For Public Health Week, the Dickinson-Iron District Health Department is reminding residents in the region of the services it and other agencies can provide.

“There is a common belief that public health’s role is to provide health care for low-income people. But the truth is that public health is actually the only part of the healthcare system that targets all people within a community,” the DIDHD stated in a press release marking the week, which runs through Saturday.

Some of the services that can be considered public health include surveillance for infectious diseases, health education, immunizations; ensuring safe well water and septic systems, offering nutrition programs for pregnant women and children, providing reproductive health services, helping to ensure food safety and what DIDHD termed “myriad other programs.”

“Essentially everyone in a community,” DIDHD states, “benefits from public health services in some way.”

It credits that effort, along with hospitals and high-tech advances in care, with raising the life expectancy in the United States by 62 percent in the past century, from 47.3 years to 76.8 years.

Immunizations, prevention and control of infectious diseases, advances in maternal and infant health, family planning, cancer prevention, occupational and motor vehicle safety, tobacco prevention, air and water quality protection and improvements — all are public health efforts that figure into a longer and better life.

But now is not the time to become complacent or figure that work is done, DIDHD said.

“The evidence is abundant that prevention is the least expensive and most effective way to secure the health of a population” the agency states, “and yet prevention efforts are traditionally poorly funded. In fact, the U.S. government spends only about 3 percent of its health care dollars on public health. If we, as a society, want to continue the gains made in life expectancy and quality of life that have been seen over the last century, we will need to rethink how we invest our limited resources. Is it better to invest in preventing disease or focus, as we currently do, almost entirely on its treatment?”

That answer would seem clear. It’s been demonstrated through numerous studies and analysis that preventative care is less expensive than waiting until something has gone wrong; health insurance companies now often cover such screenings as mammograms and colonoscopies with little to no co-pay in recognition it saves money to catch potential problems early.

Hopefully the government will recognize as well that cuts in the most basic of aspects of health care may be penny-wise and pounds-foolish.
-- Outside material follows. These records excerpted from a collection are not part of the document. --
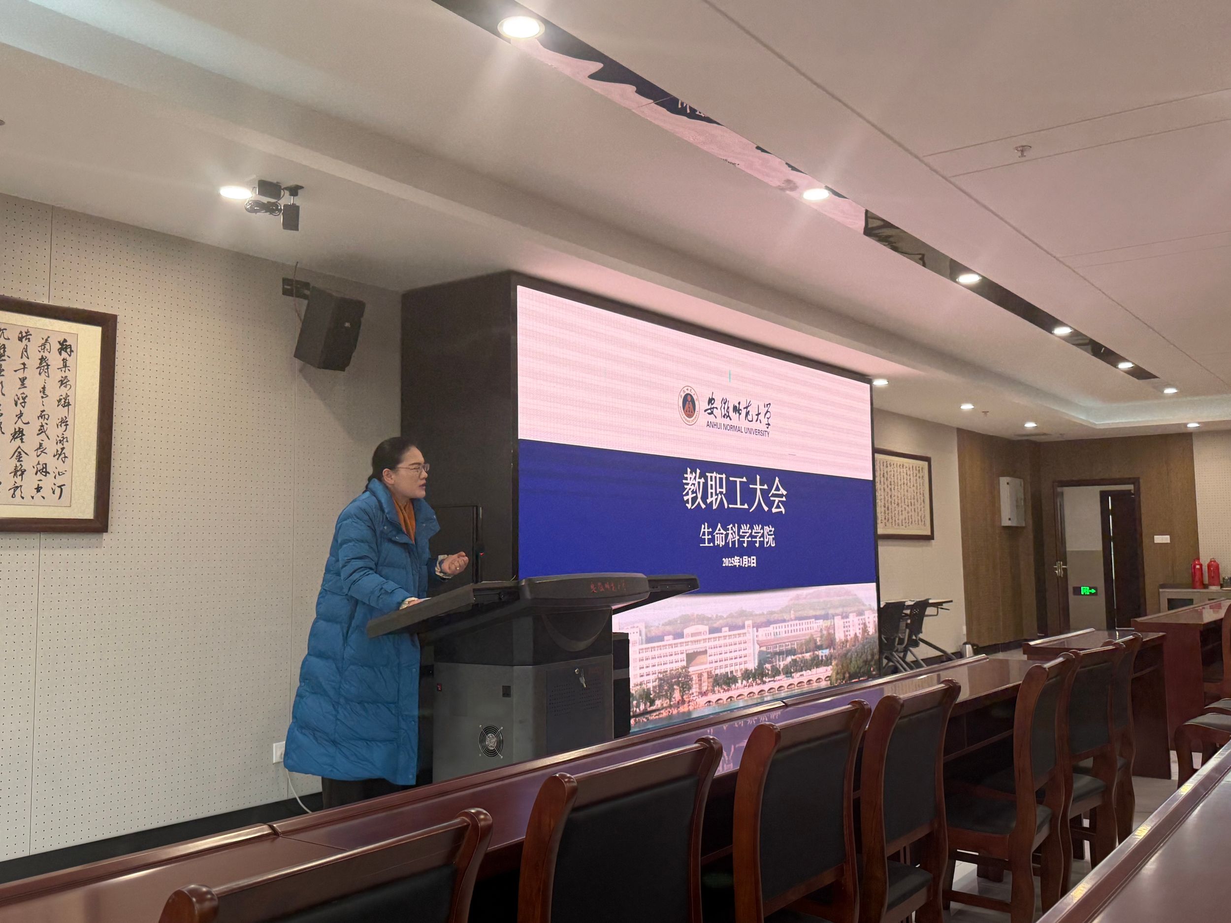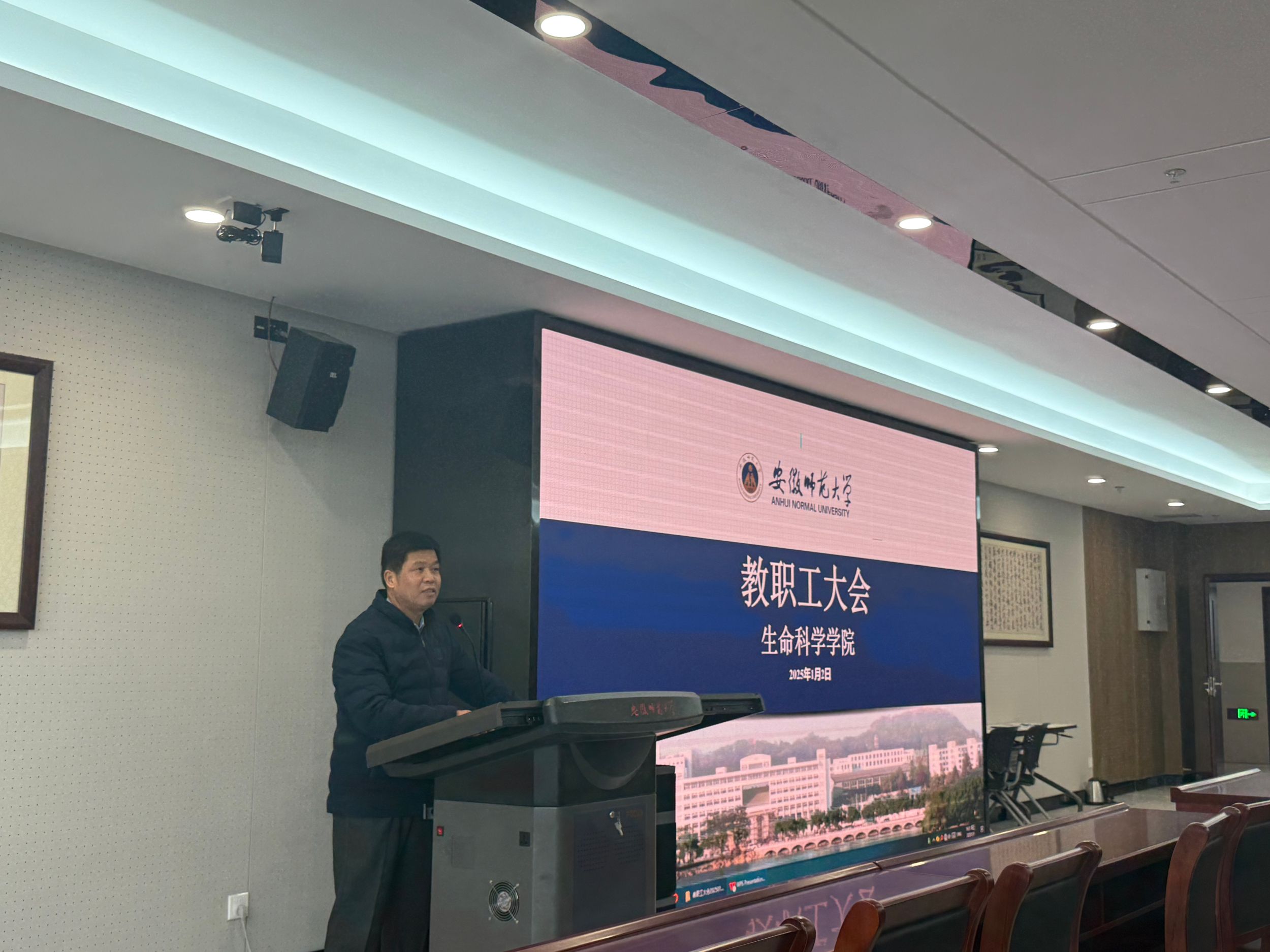 1月2日,生科院在清源楼A227会议室召开教职工大会,学院班子成员、全体教职工参会。会议由学院党委书记蒋学波主持。
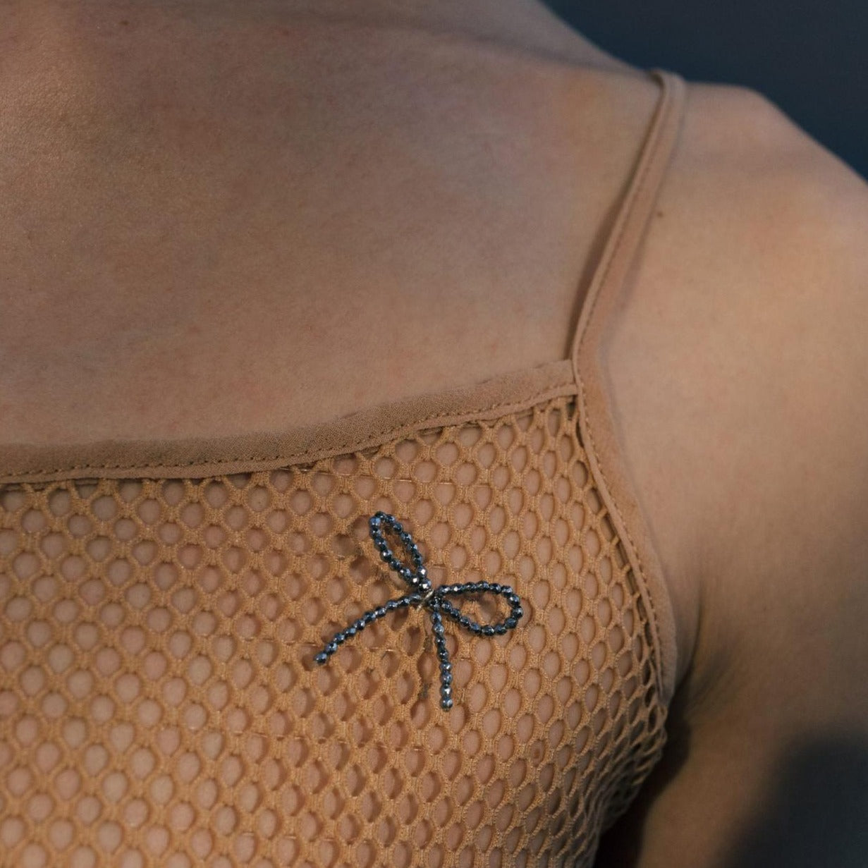 Eine funkelnde kleine Brosche in Form einer Schleife.
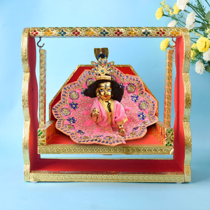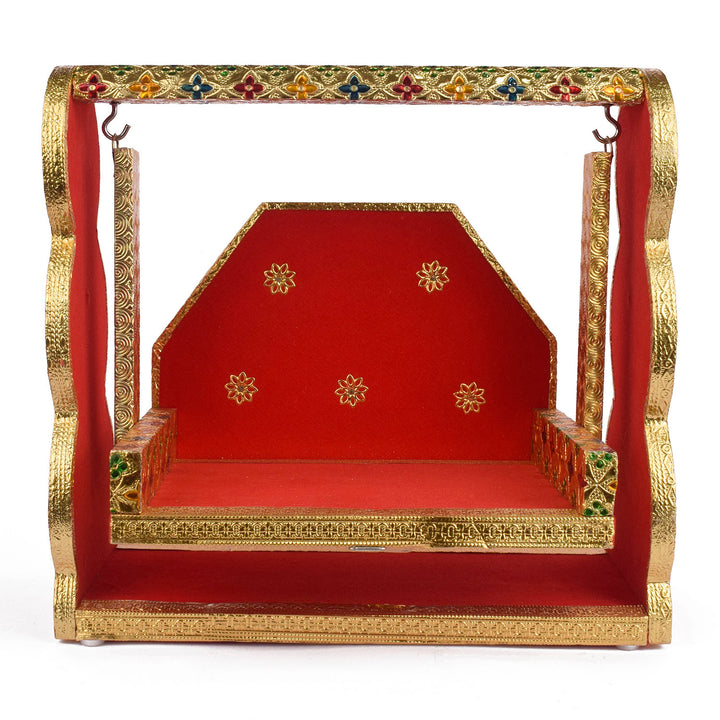 Infuse your worship space with divine elegance through this Red Velvet and Meenakari Jhula for Laddu Gopal. Crafted from sturdy wood, each jhula features plush red velvet accents and traditional meenakari detailing that enhance its regal charm.
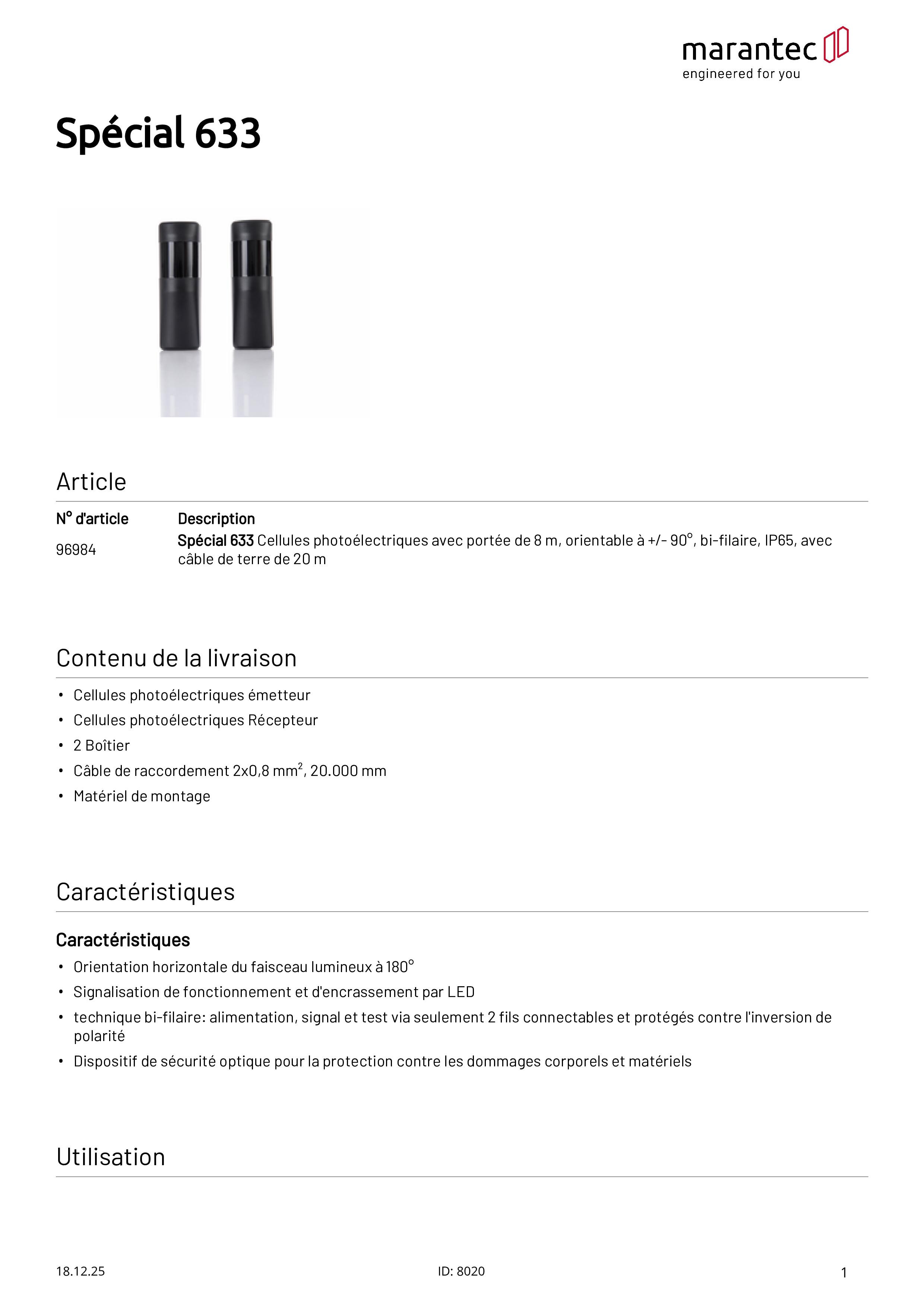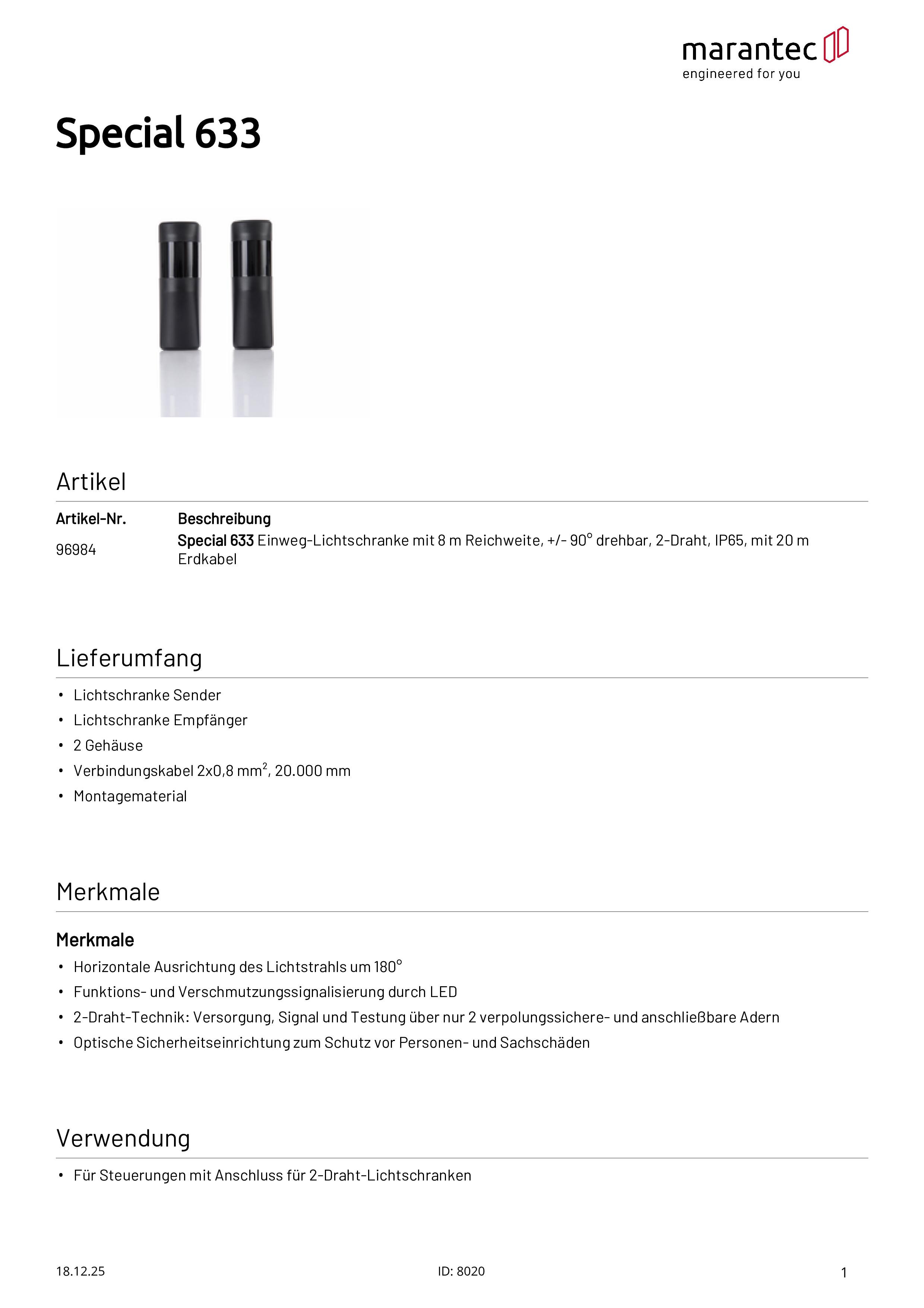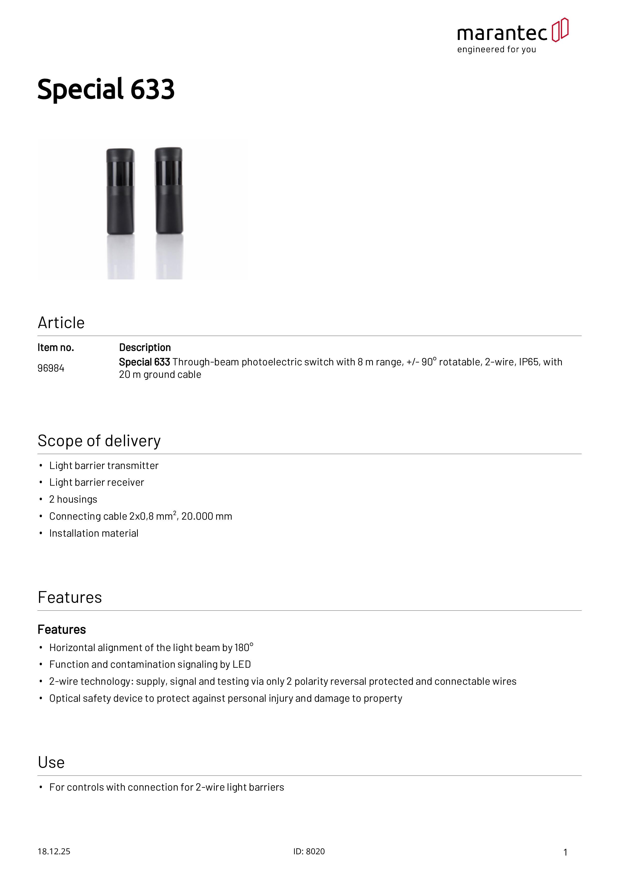 Special 633 Einweg-Lichtschranke mit 8 m Reichweite, 2-Draht, 20 m Kabel
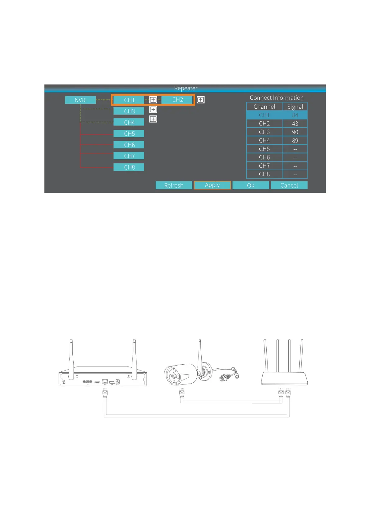 Klikněte za CH1/IPCAM1, poté vyberte 2 a nastavte IPCAM1 jako opakovač. To znamená,
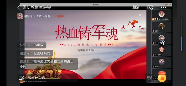 近期,各学院以主题班会、年级会议等形式陆续在线上开展了疫情防控安全教育、校史院史及专业介绍、学业成绩和学分绩点、防范电信诈骗、国防教育、资助体系介绍、第二课堂成绩等丰富多彩的新生入学教育活动,取得了良好的效果。
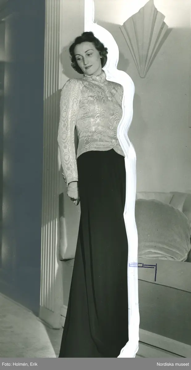 Helporträtt av kvinna i jacka och hellång kjol.
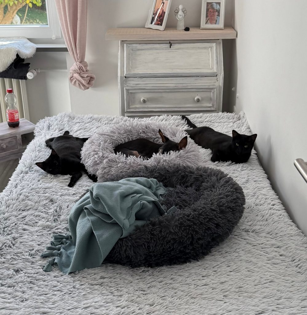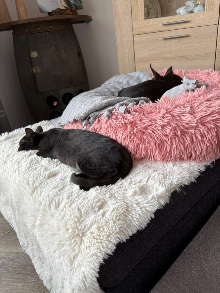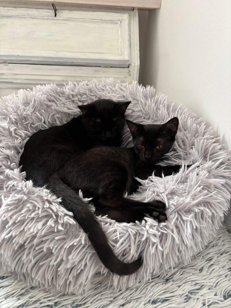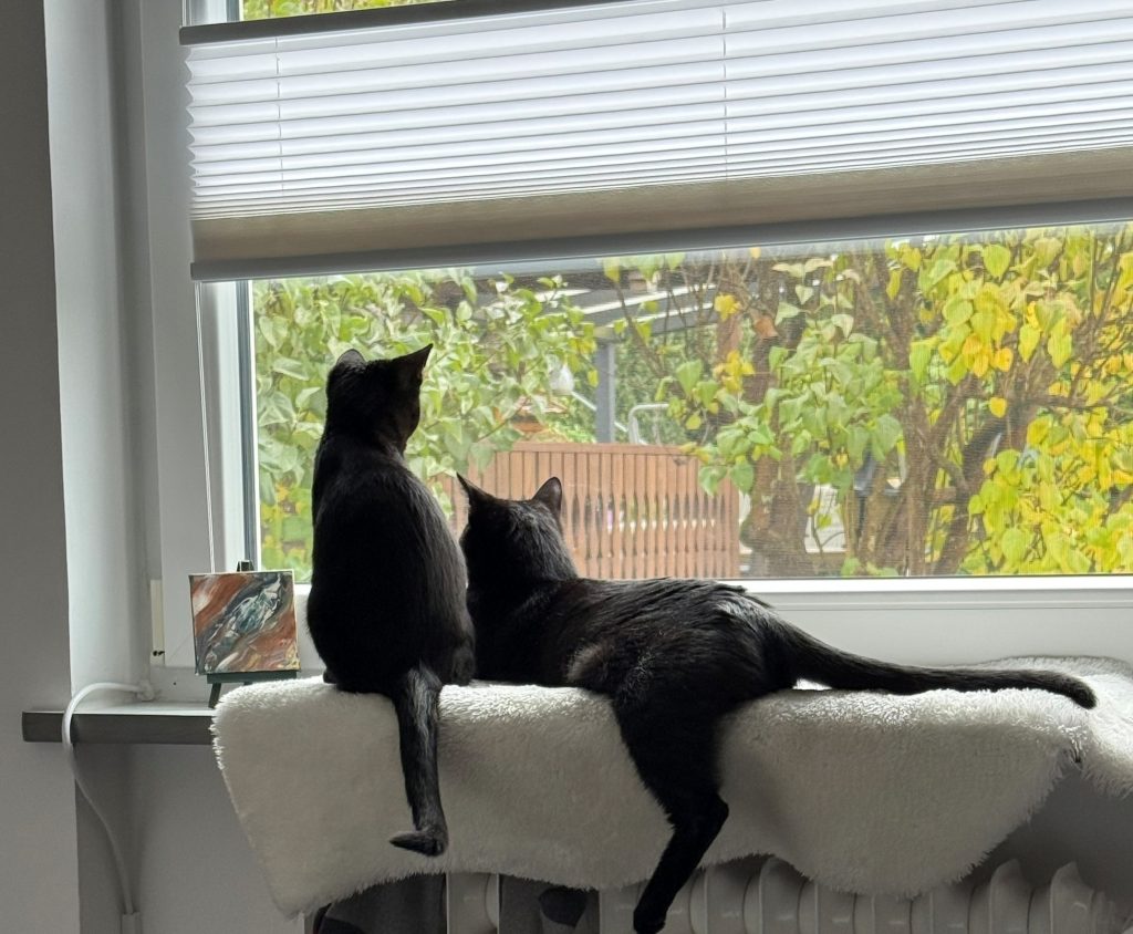 wir, Elli & Nino, sind gut in unserem neuen Zuhause angekommen. Die ersten zwei Tage waren wir noch sehr vorsichtig und mussten erstmal schauen, wo und bei wem wir hier gelandet sind. Schnell haben wir aber gemerkt, dass unsere Familie sehr lieb ist und wir keine Angst haben brauchen. Wir haben dann auch den Hund im Haus kennengelernt und der ist wirklich in Ordnung. Sie lässt uns in Ruhe und wir sie eigentlich auch. Manchmal spielen wir bei ihr im Zimmer und stören sie beim Schlafen, dann bellt sie und meckert und wir gehen lieber wieder. Einen Besuchshund kennen wir auch schon und mit dem kuscheln wir auch manchmal. Unser Alltag besteht zum größten Teil aus Spielen und Toben, zwischendurch kuscheln und manchmal schlafen wir auch. Das ist aber nicht so unser Ding und der Hund hier schläft auch schon genug. Sonst wäre unserer Familie ja auch wirklich langweilig. Wir schauen auch sehr gerne aus dem Fenster und beobachten die Vögel, Nachbarn und die Müllabfuhr. Außerdem beschäftigen wir uns gerne mit Deko, das mag Mama aber irgendwie nicht. Ninos Element ist übrigens Wasser. Er liebt es mit den Pfoten im Wasser zu spielen und zu graben. Wir sind beide negativ auf FIV getestet worden und Nino ist auch schon kastriert. Ich war noch zu klein und bin dann im November dran. Das Futter hier schmeckt sehr gut und wir wiegen mittlerweile 3,4kg und 2,5kg. Wir wachsen und gedeihen also gut und wir könnten uns kein besseres Zuhause vorstellen. Wir danken euch von Herzen, dass ihr uns beim Start ins Leben geholfen und diese Familie für uns ausgesucht habt!

Persuading the most vulnerable in the population to avoid being checked until they have a problem severe enough to warrant calling an ambulance or showing up in an emergency room is a recipe for high-cost health care.

It’s the old television commercial on automobile maintenance that warns, “You can pay me now or pay me later.”

For questions or public health program information, call the Dickinson-Iron District Health Department at 906-774-1868 or 906-265-9913.

“When public health does its job well, it becomes almost invisible to the public,” the DIDHD advised. “This week-long celebration of public health is meant to remind all of us about the safeguards that need to be in place and the on-going work being done to keep our communities healthy.”